Hi Simon, welcome to









Try this sticky for attaching pics

http://www.thewatchforum.co.uk/index.php?showtopic=13637

We look forward to seeing the watch and trying to help


----------



## Waylands (May 24, 2012)

here goes. Thanks for the link Scottswatches


----------



## scottswatches (Sep 22, 2009)

no problem. That looks a nice watch

the caseback unscrews anti clockwise, and the tool to use is something like this

http://rltwatches.co.uk/opencart/index.php?route=product/product&path=6&product_id=35

as sold by the host of this forum. Be careful that it doesn't slip, otherwise you could scratch the caseback.
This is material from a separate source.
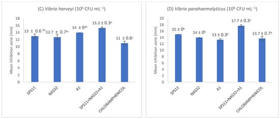 Agar well diffusion assay zone sizes for the inhibition of (A) Aeromonas hydrophila (106 CFU mL−1), (B) Streptococcus agalactiae (106 CFU mL−1), (C) Vibrio harveyi (106 CFU mL−1), and (D) Vibrio parahaemolyticus (106 CFU mL−1) using single- and multi-strain probiotics. L11 = Bacillus amyloliquefaciens; LAB3 = Enterococcus hirae; SPS11 = Lysinibacillus fusiformis; NAS32 = Lysinibacillus sphaericus; A1 = Lysinibacillus fusiformis; MSP1 = L11 + LAB3 + SPS11; MSP2 = SPS11 + NAS32 + A1; Chloramphenicol = Positive control. The values shown are the size of the inhibition zone ± SE (n = 3). Different alphabetical letters (a, b, c, ab, bc) indicate a statistically significant difference (p < 0.05).

You might be able to try a squash ball - sometimes this works, but you have to be carefully when refitting that you can get it tight enough with this method. Any jeweller would also be able to take the back off for you - it's a 1 minute job (including finding the tools!)

Inside you will find a rotating weight that powers the watch, so if you can't see the serial numbers move the weight around - it doesn't matter which direction. Take pictures of the movement with the weight in different places and we should be able to help, especially if you crop the pictures down to just the watch which should make them larger


----------



## pugster (Nov 22, 2004)

its an eterna 5 star est 1960's /70's , theres plenty of them all over ebay with different case designs.


----------